▶ Work order
For this exercise, write each entry below out precisely and omit the pictures.

(Extracted data entries)
※ ※ ※

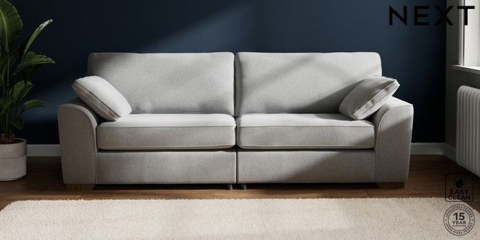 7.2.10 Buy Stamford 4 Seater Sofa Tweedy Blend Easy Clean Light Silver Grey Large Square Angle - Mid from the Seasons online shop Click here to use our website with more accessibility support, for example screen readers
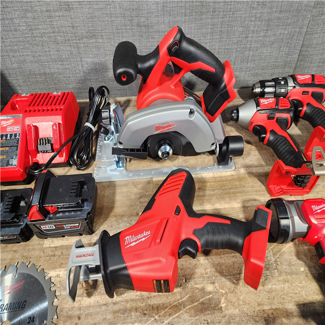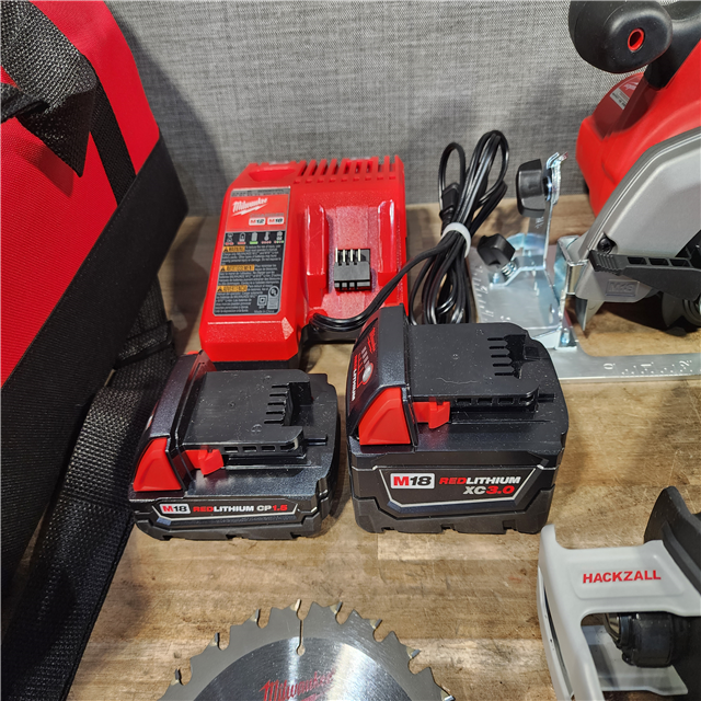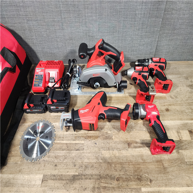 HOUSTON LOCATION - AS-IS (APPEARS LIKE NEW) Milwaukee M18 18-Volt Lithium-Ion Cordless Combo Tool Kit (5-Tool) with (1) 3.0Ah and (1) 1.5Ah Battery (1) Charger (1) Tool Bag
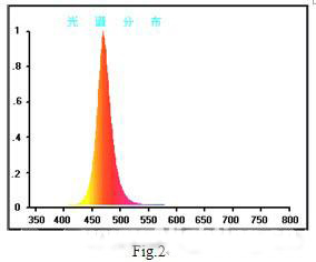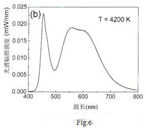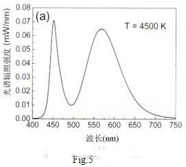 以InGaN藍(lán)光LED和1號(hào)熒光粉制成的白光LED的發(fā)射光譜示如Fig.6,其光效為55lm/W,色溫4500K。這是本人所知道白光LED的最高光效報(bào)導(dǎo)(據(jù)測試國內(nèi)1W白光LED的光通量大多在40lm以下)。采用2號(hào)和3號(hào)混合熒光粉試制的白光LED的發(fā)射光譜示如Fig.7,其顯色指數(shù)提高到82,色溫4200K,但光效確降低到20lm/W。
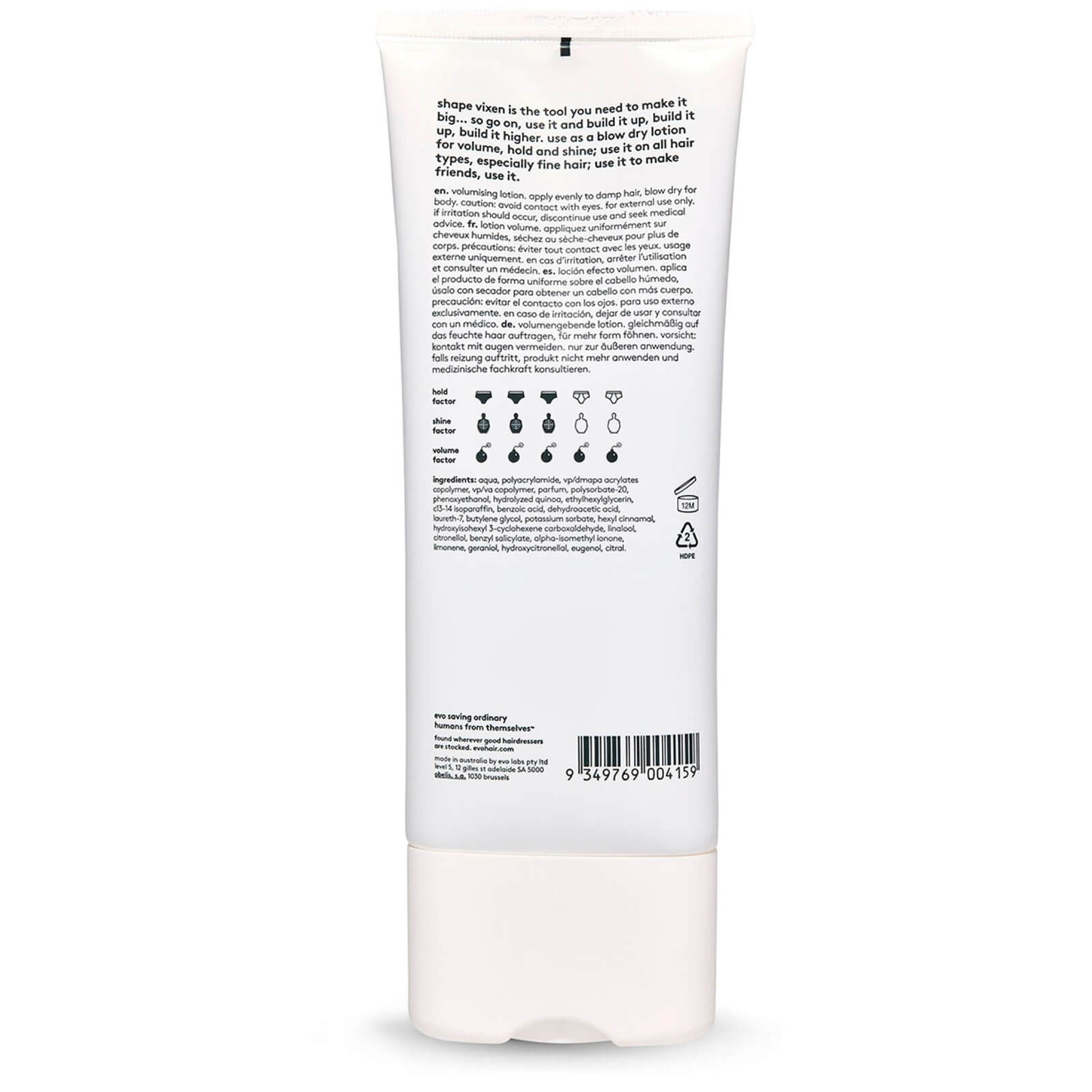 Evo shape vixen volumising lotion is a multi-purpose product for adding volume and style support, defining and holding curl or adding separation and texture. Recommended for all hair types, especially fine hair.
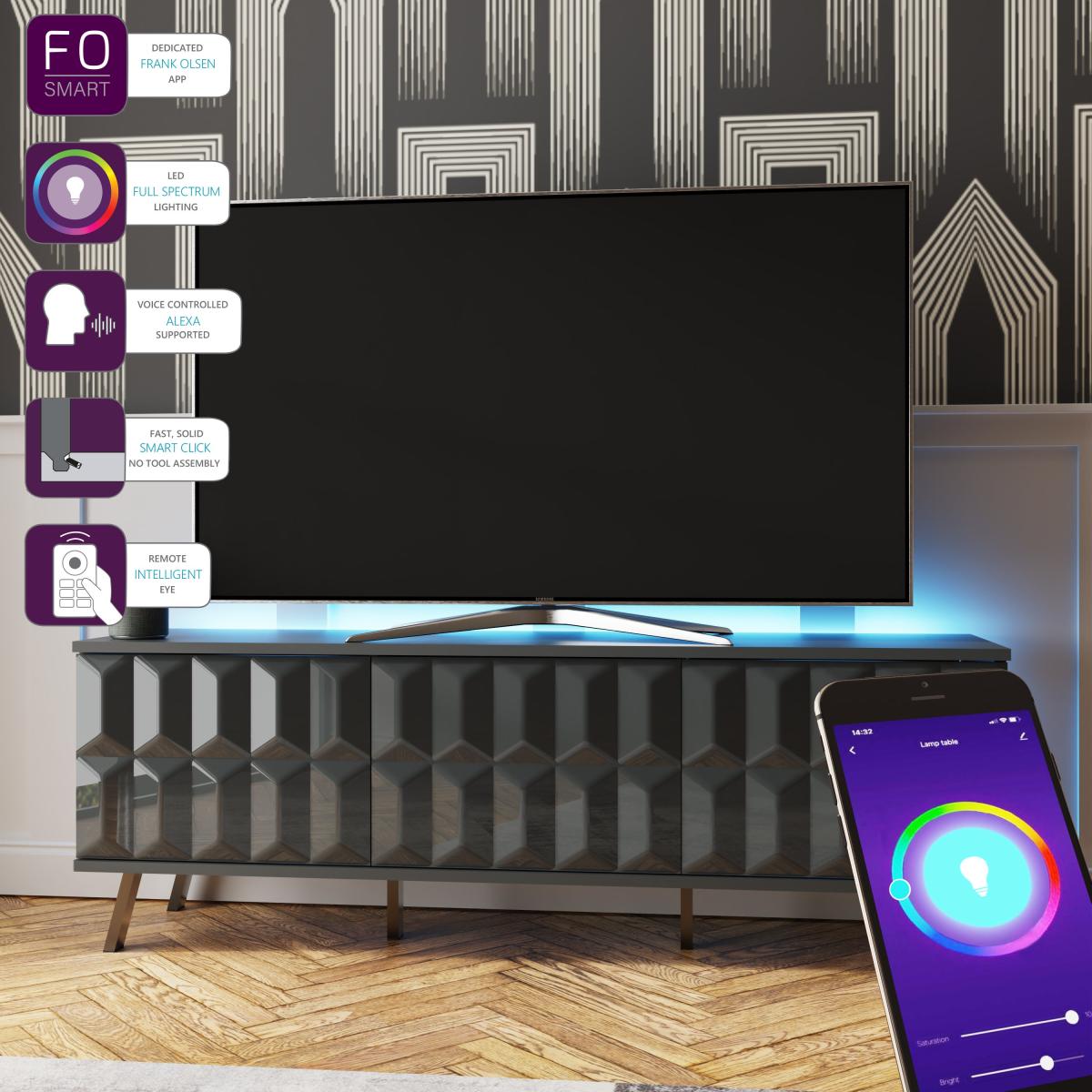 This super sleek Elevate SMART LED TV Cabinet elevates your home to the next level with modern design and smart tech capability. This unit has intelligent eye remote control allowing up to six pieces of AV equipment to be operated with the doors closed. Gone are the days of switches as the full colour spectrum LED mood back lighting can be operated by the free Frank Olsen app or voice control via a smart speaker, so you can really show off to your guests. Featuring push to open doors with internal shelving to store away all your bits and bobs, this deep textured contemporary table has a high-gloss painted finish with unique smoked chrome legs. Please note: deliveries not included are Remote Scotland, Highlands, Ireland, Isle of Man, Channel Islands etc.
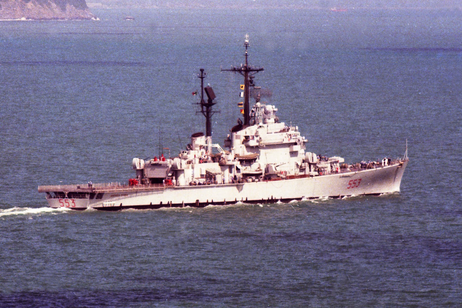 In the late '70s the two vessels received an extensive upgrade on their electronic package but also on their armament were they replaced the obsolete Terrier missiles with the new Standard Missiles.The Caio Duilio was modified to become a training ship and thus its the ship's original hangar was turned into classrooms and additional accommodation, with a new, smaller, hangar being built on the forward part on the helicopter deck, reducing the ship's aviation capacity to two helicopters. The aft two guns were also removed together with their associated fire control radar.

※ ※ ※

▶ Response
 7.2.10 Buy Stamford 4 Seater Sofa Tweedy Blend Easy Clean Light Silver Grey Large Square Angle - Mid from the Seasons online shop Click here to use our website with more accessibility support, for example screen readers
 HOUSTON LOCATION - AS-IS (APPEARS LIKE NEW) Milwaukee M18 18-Volt Lithium-Ion Cordless Combo Tool Kit (5-Tool) with (1) 3.0Ah and (1) 1.5Ah Battery (1) Charger (1) Tool Bag
 以InGaN藍(lán)光LED和1號(hào)熒光粉制成的白光LED的發(fā)射光譜示如Fig.6,其光效為55lm/W,色溫4500K。這是本人所知道白光LED的最高光效報(bào)導(dǎo)(據(jù)測試國內(nèi)1W白光LED的光通量大多在40lm以下)。采用2號(hào)和3號(hào)混合熒光粉試制的白光LED的發(fā)射光譜示如Fig.7,其顯色指數(shù)提高到82,色溫4200K,但光效確降低到20lm/W。
 Evo shape vixen volumising lotion is a multi-purpose product for adding volume and style support, defining and holding curl or adding separation and texture. Recommended for all hair types, especially fine hair.
 This super sleek Elevate SMART LED TV Cabinet elevates your home to the next level with modern design and smart tech capability. This unit has intelligent eye remote control allowing up to six pieces of AV equipment to be operated with the doors closed. Gone are the days of switches as the full colour spectrum LED mood back lighting can be operated by the free Frank Olsen app or voice control via a smart speaker, so you can really show off to your guests. Featuring push to open doors with internal shelving to store away all your bits and bobs, this deep textured contemporary table has a high-gloss painted finish with unique smoked chrome legs. Please note: deliveries not included are Remote Scotland, Highlands, Ireland, Isle of Man, Channel Islands etc.
 In the late '70s the two vessels received an extensive upgrade on their electronic package but also on their armament were they replaced the obsolete Terrier missiles with the new Standard Missiles.The Caio Duilio was modified to become a training ship and thus its the ship's original hangar was turned into classrooms and additional accommodation, with a new, smaller, hangar being built on the forward part on the helicopter deck, reducing the ship's aviation capacity to two helicopters. The aft two guns were also removed together with their associated fire control radar.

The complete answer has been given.